A possible solution would involve using a classification approach. Based on the shape of the partial epidemic curve, several possible disease transmission parameters (e.g. incubation period, infectious period, serial interval etc.) can be hypothesized. Thousands of epidemic curves can be simulated based on the hypothesized parameters and the simulated epidemics can be organized in a library with clusters representing epidemics with the same parameters. Using a supervised classification method, the complete epidemic curve can be estimated by assigning the partial epidemic curve into the cluster with the most similar full curves.

In general, a partial epidemic curve observed during an outbreak can be assigned to one, several or none of the clusters in the library.

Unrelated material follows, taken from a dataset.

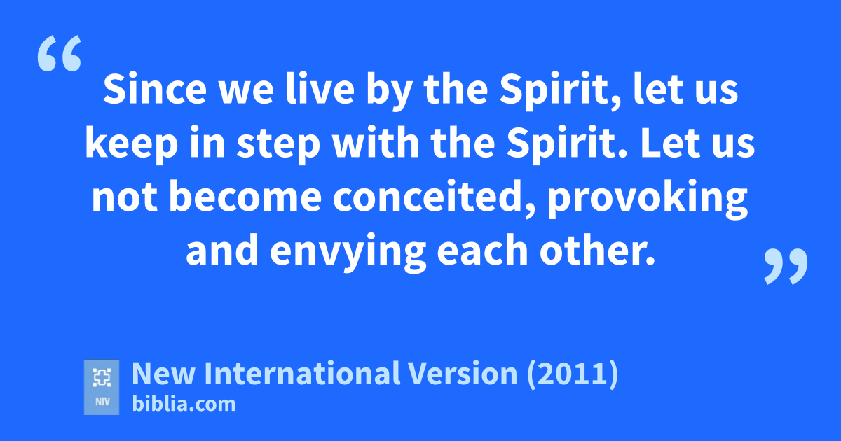 22 But the fruitu of the Spirit is love,v joy, peace,w forbearance, kindness, goodness, faithfulness, 23 gentleness and self-control.x Against such things there is no law.y 24 Those who belong to Christ Jesus have crucified the fleshz with its passions and desires.a 25 Since we live by the Spirit,b let us keep in step with the Spirit. 26 Let us not become conceited,c provoking and envying each other.

If the partial curve is assigned to one (or several) of the clusters, then this can be used as a starting point for modeling the outbreak. If the partial epidemic curve is not assigned to any of the clusters in the library, a new set of disease models can be hypothesized based on a search for possible model parameters that could be used to describe the outbreak.

In order to find the best supervised classification method that consistently outperforms other methods in predicting the correct epidemic cluster early on in an outbreak, we compare the accuracy of seven supervised classification methods in addition to a combined classifier. The epidemic curves used in the classification are simulated using six SEIR model parameterizations. The parameters are shown in Table 1. For the purposes of this paper, these outbreaks are called catastrophic, mildly catastrophic, strong, mildly strong, moderate and mild flu epidemics.

Table 1.

Parameters used in simulating the epidemics in this study. Catastrophic flu infects about 50% of the population, while strong, mildly strong, and mild flu infect approximately 30%, 20% and 10% of the population respectively. Each infected individual has a randomly assigned probability of having a specific incubation or infectious duration. For example, for catastrophic flu, each infected individual have a probability of 0.3, 0.5 or 0.2 of having an incubation period duration of 1, 2, or 3 days respectively.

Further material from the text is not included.